To provide sequential release of the psychedelic tryptamine after the MAOI, the composition is formulated in some embodiments such that release of the psychedelic is delayed for at least 10 minutes, at least 20 minutes, at least 30 minutes, at least 40 minutes, at least 50 minutes, at least 60 minutes, at least 70 minutes, at least 80 minutes, at least 90 minutes, at least 100 minutes, at least 110 minutes, at least 120 minutes, at least 130 minutes, at least 140 minutes, at least 150 minutes, at least 200 minutes, at least 250 minutes or at least 300 minutes after administration of the composition to a subject.

To allow sufficient inhibition of the monoamine oxidase prior to release of the tryptamine, and therefore allow sufficient bioavailability of the tryptamine, it is advantageous to delay the time to peak concentration of the tryptamine after administration of a composition comprising the tryptamine. Therefore, in some embodiments, the composition is formulated to produce a median time to peak concentration of the tryptamine from 15 minutes, 30 minutes, 60 minutes, 90 minutes to 150 minutes, from 100 minutes to 140 minutes, or from 110 minutes to 130 minutes, or from 115 minutes to 125 minutes or approximately 120 minutes after administration to a subject.
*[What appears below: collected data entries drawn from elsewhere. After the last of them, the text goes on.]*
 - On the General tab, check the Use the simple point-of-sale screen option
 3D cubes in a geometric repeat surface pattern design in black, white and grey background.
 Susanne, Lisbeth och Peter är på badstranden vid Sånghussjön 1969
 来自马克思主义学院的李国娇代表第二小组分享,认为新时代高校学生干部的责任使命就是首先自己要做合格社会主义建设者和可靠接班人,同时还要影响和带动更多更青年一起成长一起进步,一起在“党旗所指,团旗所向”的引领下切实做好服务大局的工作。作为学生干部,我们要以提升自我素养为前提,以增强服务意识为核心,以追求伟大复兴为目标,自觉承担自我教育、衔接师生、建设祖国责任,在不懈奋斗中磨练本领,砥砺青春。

The present inventors have shown that the administration of a composition comprising a MAOI that is formulated to be released immediately can delay the peak concentration of a tryptamine that is administered at the same time.

Monoamine oxidase inhibitors known in the art include the group consisting of 1,2,3,4-tetrahydro-ß-carboline, 1,2,3,4-tetrahydroisoquinoline (TIQ), 2-methyl-1,2,3,4-tetrahydro-ß-carboline, Amiflamine, Befloxatone, Benmoxin, Bifemelane, Brofaromine, Caroxazone, Clorgyline, Curcumin, CX157 (TriRima), Epicatechin, Eprobemide, Esuprone, Harmaline, Harmane Harmine, Hydracarbazine, Iproclozide, Iproniazid, Isocarboxazid, Mebanazine, Methylene blue, Methylthioninium chloride, Metralindole, Minaprine, Moclobemide, Nialamide, Norharmane, Octamoxin, Pargyline, Phenelzine, Pheniprazine, Phenoxypropazine, Pirlindole, Pivalylbenzhydrazine, Procabazine, Procyanidins, Quercetin, Rasagiline, Rosiridin, Safinamide, Safrazine, Sercloremine, Selegiline, Tetrahydroharmine, Tetrindole, Toloxatone, and Tranylcypromine.
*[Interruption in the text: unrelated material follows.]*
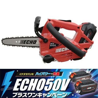 | プラスワンキャンペーン 今だけ!予備バッテリー付きモデルがお買い得。 期間限定2026年9月30日まで。 軽量&高出力。チェンソーメーカーが作ったバッテリートップハンドルチェンソー、BCS510T誕生。 各社がしのぎを削るバッテリーチェンソー市場において、他社メーカーに遅れを取っていたやまびこのエコーブランドから待望のトップハンドルチェンソーが発売されました。 バッテリー式だから「低振動」「低騒音」「排ガスゼロ」環境にやさしくストレスの少ないスマートな作業を実現します。 バッテリー装備状態でも、質量は2.7kg(※バーチェン除く)と徹底的な軽量化に加え、同社のエンジン式トップハンドルにも引けを取らないパワー、息継ぎの無いトルクフルな鋸断性能を持つBCS510Tシリーズ。 ハンドルレイアウトは枝打ち作業に便利な後傾リアハンドルレイアウトを採用、優れた重量バランスのおかげで、取り回し性も良く樹上作業も快適に行えます。 モーター冷却風取り込み口には粉塵の進入を防止する取り外し可能なフィルターを採用、モーターの状態を最適に保ちます。 他にも、チェン交換やチェンの張り調整時に便利なサイドアジャスター式チェンテンショナー、ナット脱落防止機構、リフティングフック部にはやまびこエコーオリジナルの「クイックドローシステム」を採用するなど、プロ用チェンソーを作り続けているやまびこならではの技術も満載。「プロ用」として、しっかり使えるバッテリーチェンソーとして仕上がっています。 キックバックへの対策には慣性作動式チェンブレーキを標準搭載、安全性にも考慮しています。 同じ50Vシリーズの刈払機やヘッジトリマーに使用できる共通バッテリーを採用しているので複数の機種に利用でき、無駄がありません。 非常に軽く滑らかな切れ味を持つ25APチェーンと8インチ(20cm)のカービングバーの組み合わせとなります 住宅街や公園での選定作業、庭や畑の果樹の剪定などあらゆるシーンで活躍します。2台目のセカンドソーとしてもおススメのチェンソーです。 オプションのスパイクバンパーが付いたセットになります。 ※スパイクバンパーのお取り付けはお客様で行っていただく必要がございます。 ※チェンソーの雨天時ご使用は推奨しておりません。 クイックドローシステムのご紹介はこちら↓ |

Preferred MAOI include the group consisting of: Bifemelane, Hydracarbazine, Iproniazid, Isocarboxazid, Methylthioninium chloride, Moclobemide, Phenelzine, Pirlindole, Tranylcypromine, Rasagiline, Selegiline, and Safinamide. All of these MAOI have been approved by a pharmaceutical regulatory body somewhere in the world. The most preferred MAOI is Moclobemide, which has the advantage of being reversible and selective for MAO-A.

Accordingly, in some embodiments, the composition comprises up to 10 mg, up to 25 mg, up to 50 mg, up to 100 mg, up to 150 mg, up to 200 mg, up to 250 mg, up to 300 mg, up to 350 mg, up to 400 mg, up to 450 mg, up to 500 mg, up to 550 mg, up to 600 mg, up to 700 mg, up to 800 mg, up to 900 mg, up to 1000 mg, up to 1100 mg, or up to 1200 mg of a MAOI. In certain embodiments, the MAOI is Moclobemide.

As disclosed herein, the present inventors have found that a composition comprising a tryptamine that is formulated in accordance with embodiments of the invention provide a delay in the time to reach peak concentration after administration to a subject.

In a sixth aspect, the present invention provides a composition comprising a tryptamine and one or more excipients, wherein the tryptamine is formulated for delayed release and wherein the tryptamine is a substrate for a MAO.